Top of Information given

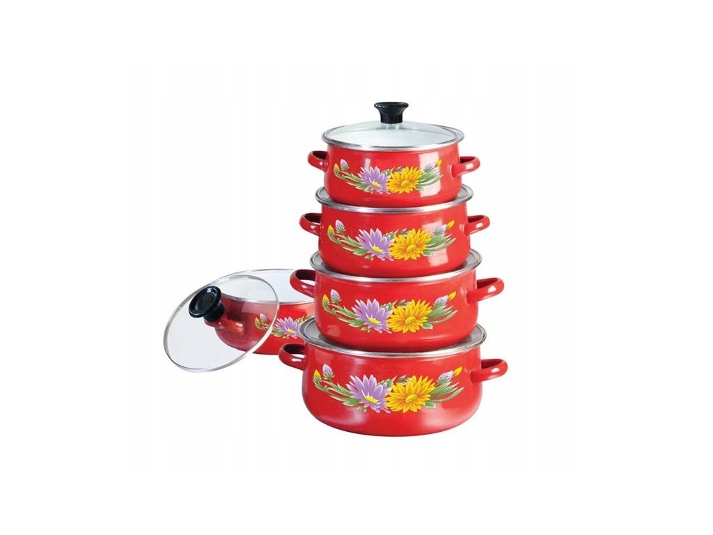 Súprava 5 smaltovaných hrncov s kvetinovým motívom – červené
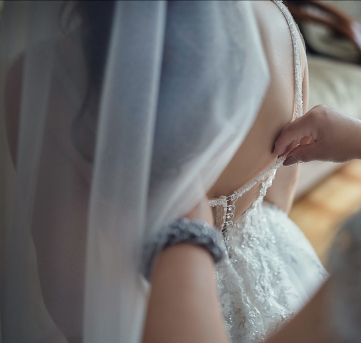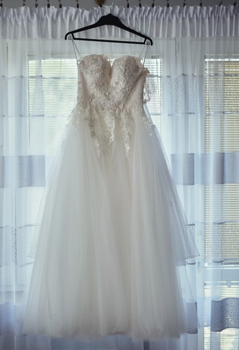 Po ślubie i sesji zdjęciowej suknia została oddana do salonu Diana do prania i profesjonalnej renowacji, więc teraz jest jak nowa.
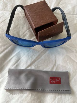 Gafas de sol Ray-Ban Wayfarer plegables con lentes de espejo azul y patillas grises . preciosas! - Montura azul. - Lentes con efecto espejo. - Diseño plegable para fácil transporte. - Incluye funda y paño de limpieza. un capricho a muy buen precio: 100% originales y en estado casi nuevo...las he usado poquísimo . están a un precio magnífico ... por favor no ofertas ridículas ....
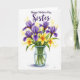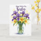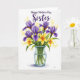 This card features a neatly arranged bouquet centered on a bright white background, with tall purple blooms opening their petals around sunny yellow centers. Between them sit small five-petaled yellow flowers that lean toward one another like close friends, adding a gentle, affectionate warmth ❤️. The stems gather closely inside a clear glass vase, and the see-through surface lets the fresh green lines show through. A faint aqua tint hugs the rim and base of the vase, giving the arrangement a calm, grounded look. Soft glowing yellow dots float in the background like scattered light, adding a dreamy sparkle 🌼. Near the top, a short message is placed above the flowers in deep violet lettering, with a flowing line paired with a classic printed style. The purple petals show subtle shading along their folds, and the vase has light reflections along its curved sides.
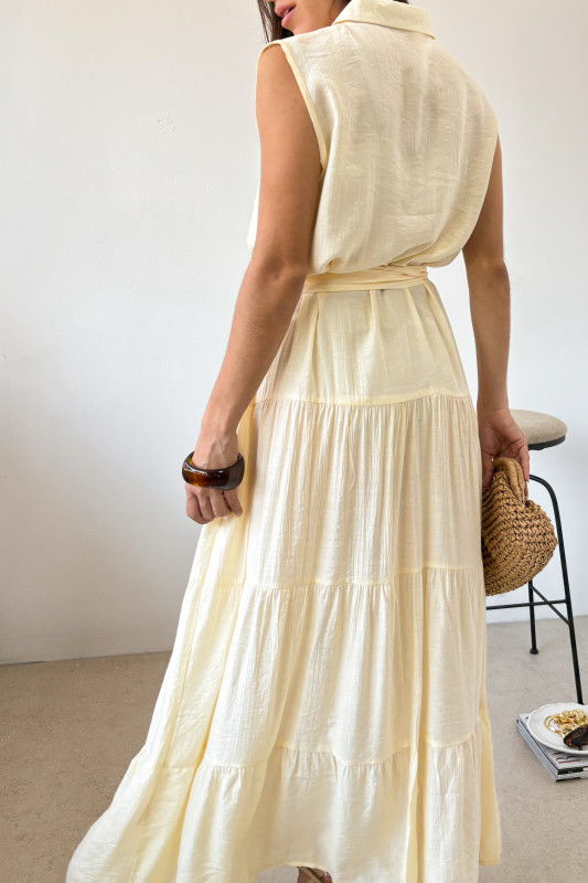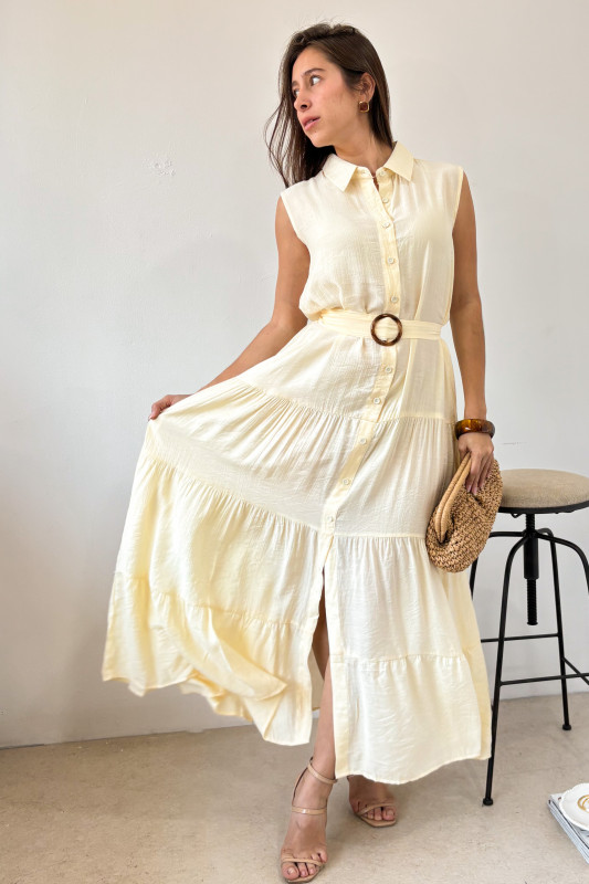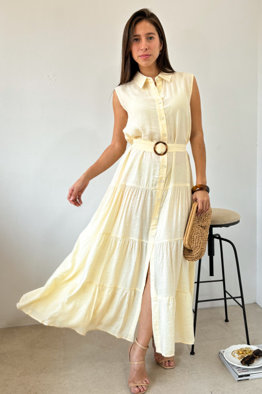 Maxi vestido en tela ligera con cuello tipo polo, botones al frente y cintillo ajustable en misma tela con hebilla en acrilico.
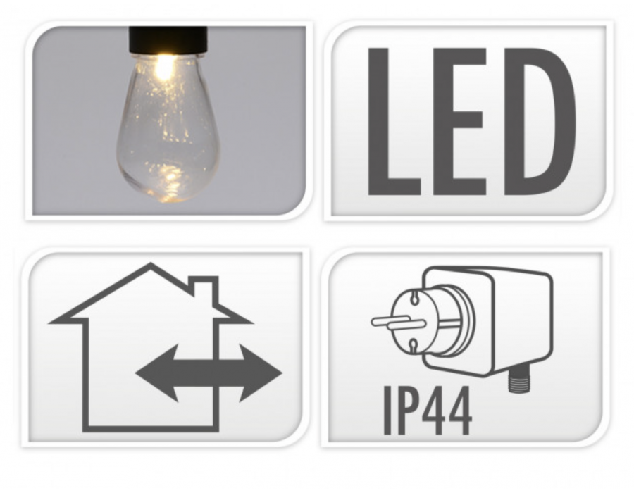 Lyskæde med 20 LED-pærer. Perfekt til at skabe hyggelig stemning på terrassen, altanen eller i stuen.
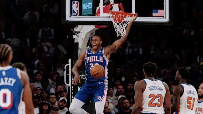 易边再战,尼克斯队试图发起反击。布伦森依旧保持着高效的得分效率,唐斯在内线的策应和篮板球保护也给球队提供了二次进攻机会。然而,76人队总能在对手起势时给予回应。恩比德在内线的牵制力为外线射手创造了大量空间,而马克西的持续输出则稳住了军心。乔治虽然得分不及队友,但在组织和防守端贡献巨大。第三节结束时,76人队以99-87握有两位数的领先优势。
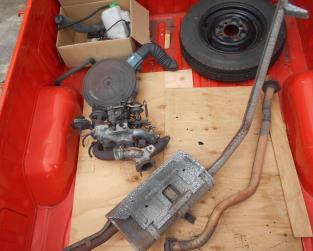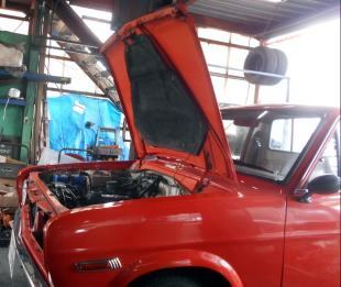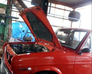 | ピットロードへの依頼では珍しいノーマルエンジンにキャブ・タコ足・マフラーを取り付けます。サニトラA12フルノーマルだから
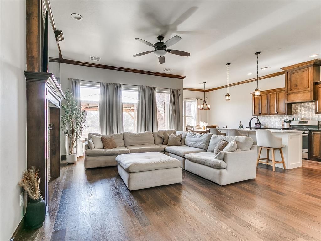 If location matters to you, Timbercreek Estates delivers. A pool, splash pad, park, and basketball court are just steps away, and the neighborhood has the kind of community energy that makes a house feel like a home before you even walk through the door. Tucked away in the heart of it all is this beautiful 3 bedroom, 2 bathroom home (plus an office) that brings traditional style and farmhouse character together in all the right ways.Hard flooring and an open, flexible layout greet you at the entry. A private study sits just off the front with double doors, crown molding runs throughout, and large windows flood every bedroom with natural light. The kitchen is thoughtfully designed with stainless steel appliances, plenty of cabinet space, and an eat-in island that makes entertaining effortless. Retreat to the primary suite and find a tray ceiling, double vanities, a tiled shower, a soaking tub, and a built-in walk-in closet. The laundry room includes a folding table and mud bench because the details matter here. The backyard patio overlooks a greenbelt, offering privacy and peace in equal measure and a recently installed storm shelter provides peace of mind. This is the one you have been waiting for.
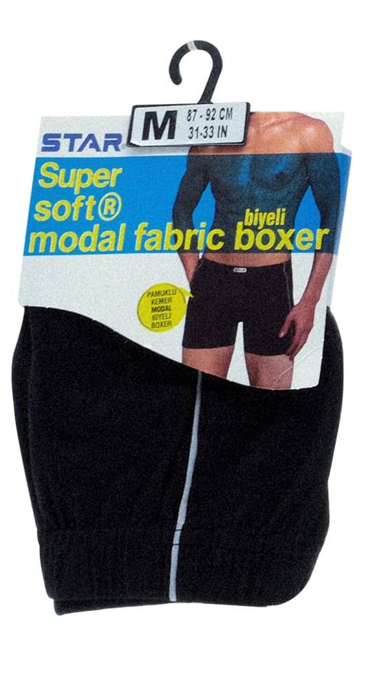 STAR ERKEK SİYAH MODAL PAMUKLU KEMER BİYELİ BOXER
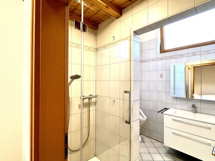 "Feingeist", appartement 2-kamers 55 m2, op verhoogde begane grond. Licht, volledig gerenoveerd in 2025, mooi en modern ingericht: hal. Woon-/slaapkamer met 1 divanbed (130 cm, lengte 200 cm), Sat-TV (Flatscreen TV). 1 2-pers. kamer met 1 2-pers bed (160 cm, lengte 200 cm), Sat-TV (Flatscreen TV). Keuken (oven, afwasmachine, 4 keramische glas kookplaten, broodrooster, waterkoker, elektrische koffiemachine) met kleine eettafel. Douche/WC. Elektrische verwarming, vloerverwarming. Solarstroom. Terrasmeubelen, zitgelegenheid. Ter beschikking: wasmachine, droger, haardroger. Internet (WiFi, gratis). Parkeerplaats bij het huis. Niet rokers woning. Privé ingang, rookmelders, brandblusser.
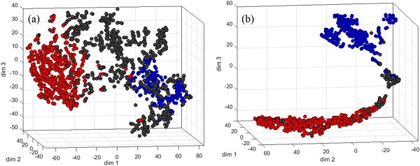 基于由DBSCAN识别的集群数据标记的3D表示,(a)对应于BTO-BaM体系,(b)对应于BTO-CFO体系(灰色:集群-1,红色:集群-2,蓝色:集群-3)。
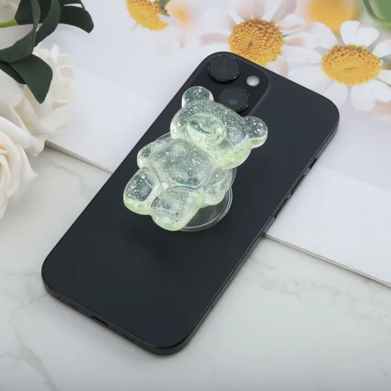 Unique Bargains Bears Silver Foil Phone Grip Transparent Red 1 Pc

Bottom of Information given

Please repeat every line of the material above exactly and without its pictures.

Task response:
 Súprava 5 smaltovaných hrncov s kvetinovým motívom – červené
 Po ślubie i sesji zdjęciowej suknia została oddana do salonu Diana do prania i profesjonalnej renowacji, więc teraz jest jak nowa.
 Gafas de sol Ray-Ban Wayfarer plegables con lentes de espejo azul y patillas grises . preciosas! - Montura azul. - Lentes con efecto espejo. - Diseño plegable para fácil transporte. - Incluye funda y paño de limpieza. un capricho a muy buen precio: 100% originales y en estado casi nuevo...las he usado poquísimo . están a un precio magnífico ... por favor no ofertas ridículas ....
 This card features a neatly arranged bouquet centered on a bright white background, with tall purple blooms opening their petals around sunny yellow centers. Between them sit small five-petaled yellow flowers that lean toward one another like close friends, adding a gentle, affectionate warmth ❤️. The stems gather closely inside a clear glass vase, and the see-through surface lets the fresh green lines show through. A faint aqua tint hugs the rim and base of the vase, giving the arrangement a calm, grounded look. Soft glowing yellow dots float in the background like scattered light, adding a dreamy sparkle 🌼. Near the top, a short message is placed above the flowers in deep violet lettering, with a flowing line paired with a classic printed style. The purple petals show subtle shading along their folds, and the vase has light reflections along its curved sides.
 Maxi vestido en tela ligera con cuello tipo polo, botones al frente y cintillo ajustable en misma tela con hebilla en acrilico.
 Lyskæde med 20 LED-pærer. Perfekt til at skabe hyggelig stemning på terrassen, altanen eller i stuen.
 易边再战,尼克斯队试图发起反击。布伦森依旧保持着高效的得分效率,唐斯在内线的策应和篮板球保护也给球队提供了二次进攻机会。然而,76人队总能在对手起势时给予回应。恩比德在内线的牵制力为外线射手创造了大量空间,而马克西的持续输出则稳住了军心。乔治虽然得分不及队友,但在组织和防守端贡献巨大。第三节结束时,76人队以99-87握有两位数的领先优势。
 | ピットロードへの依頼では珍しいノーマルエンジンにキャブ・タコ足・マフラーを取り付けます。サニトラA12フルノーマルだから
 If location matters to you, Timbercreek Estates delivers. A pool, splash pad, park, and basketball court are just steps away, and the neighborhood has the kind of community energy that makes a house feel like a home before you even walk through the door. Tucked away in the heart of it all is this beautiful 3 bedroom, 2 bathroom home (plus an office) that brings traditional style and farmhouse character together in all the right ways.Hard flooring and an open, flexible layout greet you at the entry. A private study sits just off the front with double doors, crown molding runs throughout, and large windows flood every bedroom with natural light. The kitchen is thoughtfully designed with stainless steel appliances, plenty of cabinet space, and an eat-in island that makes entertaining effortless. Retreat to the primary suite and find a tray ceiling, double vanities, a tiled shower, a soaking tub, and a built-in walk-in closet. The laundry room includes a folding table and mud bench because the details matter here. The backyard patio overlooks a greenbelt, offering privacy and peace in equal measure and a recently installed storm shelter provides peace of mind. This is the one you have been waiting for.
 STAR ERKEK SİYAH MODAL PAMUKLU KEMER BİYELİ BOXER
 "Feingeist", appartement 2-kamers 55 m2, op verhoogde begane grond. Licht, volledig gerenoveerd in 2025, mooi en modern ingericht: hal. Woon-/slaapkamer met 1 divanbed (130 cm, lengte 200 cm), Sat-TV (Flatscreen TV). 1 2-pers. kamer met 1 2-pers bed (160 cm, lengte 200 cm), Sat-TV (Flatscreen TV). Keuken (oven, afwasmachine, 4 keramische glas kookplaten, broodrooster, waterkoker, elektrische koffiemachine) met kleine eettafel. Douche/WC. Elektrische verwarming, vloerverwarming. Solarstroom. Terrasmeubelen, zitgelegenheid. Ter beschikking: wasmachine, droger, haardroger. Internet (WiFi, gratis). Parkeerplaats bij het huis. Niet rokers woning. Privé ingang, rookmelders, brandblusser.
 基于由DBSCAN识别的集群数据标记的3D表示,(a)对应于BTO-BaM体系,(b)对应于BTO-CFO体系(灰色:集群-1,红色:集群-2,蓝色:集群-3)。
 Unique Bargains Bears Silver Foil Phone Grip Transparent Red 1 Pc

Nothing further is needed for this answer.